12. The system of claim 1, wherein the plurality of wavelength ranges comprises wavelength ranges from 320 nm to 1000 nm.
13. The system of claim 12, wherein the excitation light sources comprise of lasers of 349 nm, 405 nm, 488 nm, 561 nm, and 637 nm.
14. The system of claim 12, wherein the different wavelength ranges comprise 372 nm to 389 nm, 417 nm to 431 nm, 431 nm to 449 nm, 449 nm to 461 nm, 461 nm to 477 nm, 500 nm to 517 nm, 517 nm to 534 nm, 534 nm to 552 nm, 573 nm to 592 nm, 592 nm to 608 nm, 608 nm to 628 nm, 650 nm to 672 nm, 672 nm to 691 nm, 691 nm to 709 nm, 709 nm to 726 nm, 726 nm to 744 nm, 744 nm to 770 nm, 770 nm to 798 nm, and 798 nm to 832 nm.

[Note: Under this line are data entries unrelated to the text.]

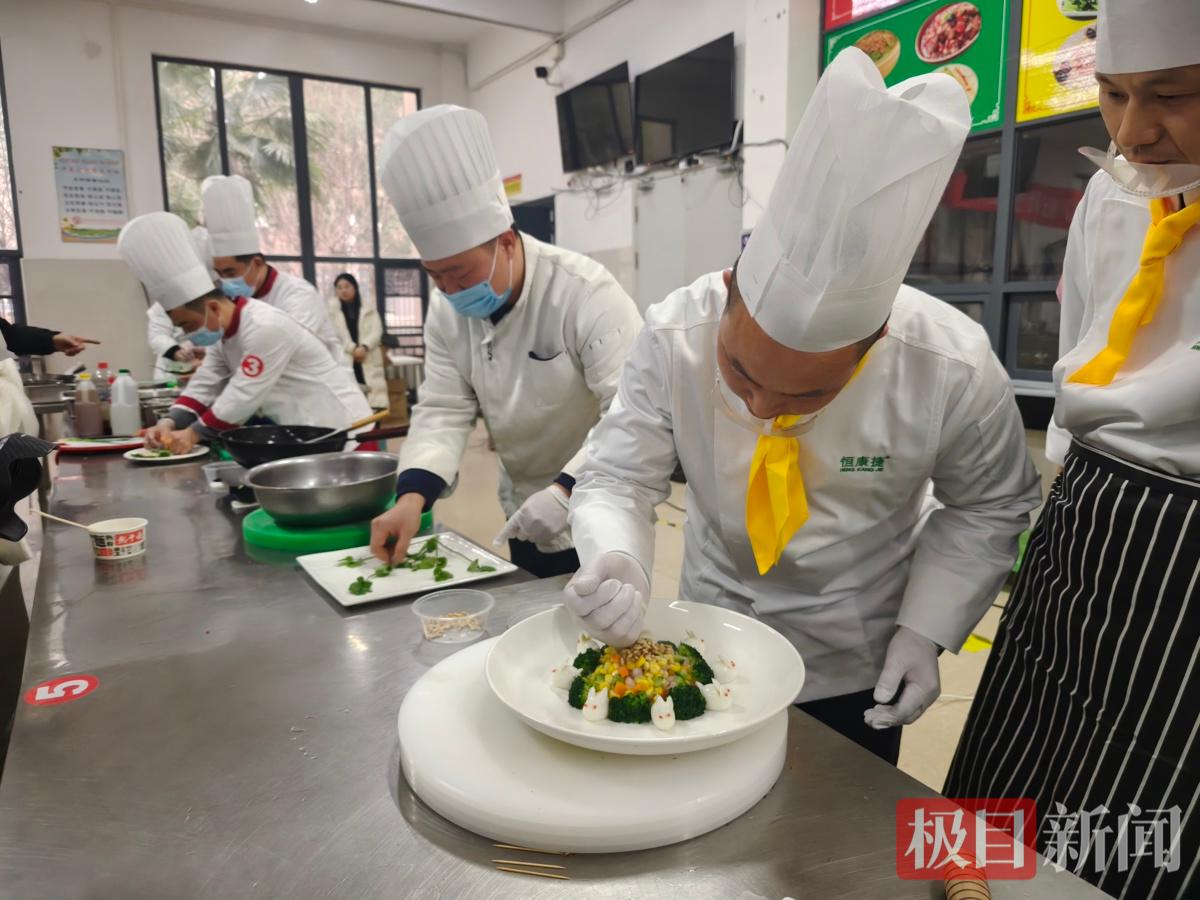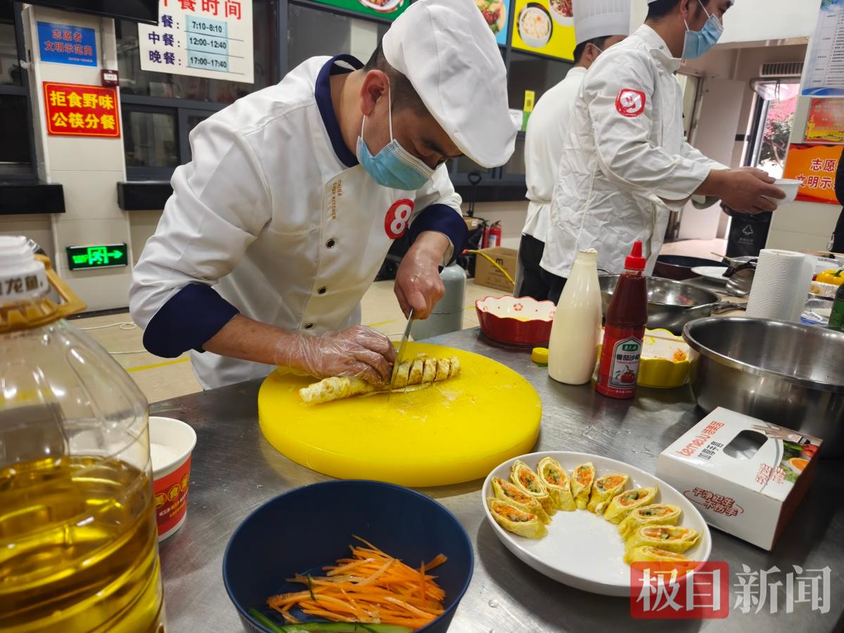 一根土豆丝切得细如发丝、厚薄均匀,青椒去籽以防呛口,甜辣比例都要精准拿捏……2月5日下午,武汉市硚口区中小学食堂厨艺比赛在武汉市第一聋哑学校拉开帷幕,11支由区内学校与食材供货商联合组成的厨师队伍同台竞技。这场以“传承饮食文化·创新健康美味”为主题的比赛,不仅是一场厨艺的较量,更是一次对学生餐桌安全与营养健康的集中展示。
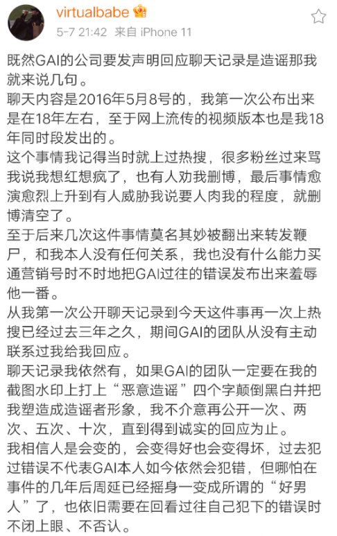 次日,该事件当事人女粉丝发长文对此事做出回应,她表示聊天内容是2016年5月8号的,第一次公布出来是在18年左右,网上流传的视频版本也是18年同时段发出的,因受到威胁便删博清空。同时她否认了“恶意造谣”的指控,“公开聊天记录到今天这件事再一次上热搜已经过去三年之久,期间GAI的团队从没有主动联系过我给我回应。”
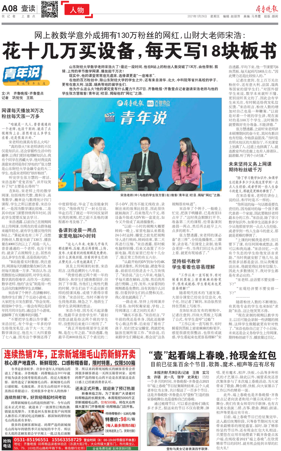 他的课究竟有什么魔力,他为什么这么火?1月27日,齐鲁晚报·齐鲁壹点记者邀请宋浩老师与学生张方慧做客“青年说”节目,揭秘这位数学老师的“网红”之路。

15. The system of claim 1, wherein the light emitted from the different positions wobbles in response to varying fluidic properties through the flow channel and/or changes in positioning of excitation light sources.
16. The system of claim 15, wherein the spherical lenses with each array direct wobbling light to a same area of the photodetector where the detected light is stable.

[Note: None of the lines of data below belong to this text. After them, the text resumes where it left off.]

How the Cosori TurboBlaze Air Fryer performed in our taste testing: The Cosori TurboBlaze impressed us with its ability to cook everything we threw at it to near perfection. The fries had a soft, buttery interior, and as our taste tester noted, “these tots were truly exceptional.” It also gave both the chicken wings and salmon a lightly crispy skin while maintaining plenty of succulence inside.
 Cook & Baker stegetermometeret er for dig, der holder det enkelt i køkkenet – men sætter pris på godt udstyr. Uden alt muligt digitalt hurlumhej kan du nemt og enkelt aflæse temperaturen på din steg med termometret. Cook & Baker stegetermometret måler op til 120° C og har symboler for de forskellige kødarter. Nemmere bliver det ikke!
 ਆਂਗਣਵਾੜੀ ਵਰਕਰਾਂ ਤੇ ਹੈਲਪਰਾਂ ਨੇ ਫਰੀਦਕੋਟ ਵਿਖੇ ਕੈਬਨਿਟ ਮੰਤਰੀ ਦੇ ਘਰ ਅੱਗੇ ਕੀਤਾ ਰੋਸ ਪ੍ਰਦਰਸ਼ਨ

17. The system of claim 1, wherein the photodetector system comprises a silicon photomultiplier (SiPM) detector.
18. The system of claim 1, wherein each spherical lens is specifically designed so that the diameter of a spot of light on the photodetector corresponds with an effective detection area of the detector.
19. The system of claim 1, wherein the collection optics and spherical mirrors are specified such that a detected light spot on a corresponding photodetector is not affected by a positional change of the collected light focused on the spherical lens.
20. The system of claim 1, wherein spherical lenses are designed so that the detected light signal on the corresponding photodetector is not sensitive to a horizontal position fluctuation of the biological cells inside the flow channel.
21. The system of claim 1, further comprising a set alignment optics configured to align the magnified light into the light splitting module and the arrays of spherical lenses.
22. A flow cytometer comprising the system of claim 1.
23. A method of characterizing a biological cell, the method comprising:
a) passing a biological cell through a flow cell, the biological cell labeled with a plurality of fluorescent markers that fluoresce at different wavelengths when excited, the labels attached to or absent from cellular moieties that together characterize the biological cell by the presence, absence or abundance of the markers;
b) directing light to different positions along a length of the flow cell as the biological cell passes the different positions;
c) collecting light emitted from each of the different positions of the flow cell as the biological cell passes;
d) magnifying and focusing the collected light to different focusing distances according to different wavelength ranges, and to different positions within each focusing distance according to each of the different positions of the flow cell from which the collected light is emitted;
e) splitting the magnified light into a plurality of different wavelength ranges, wherein the different fluorescent wavelengths are divided between the plurality of different wavelength ranges;
f) receiving light of a same wavelength range that is emitted from the different positions along the length of the flow cell by a same array of spherical lenses, wherein different spherical lenses within each array receives light emitted from the different positions of the flow cell;
g) directing light from each of the spherical lenses to a different photodetector; and
h) measuring light at each of the different photodetectors, thereby identifying the presence, absence or abundance of the markers and thus cellular moieties to characterize the biological cell.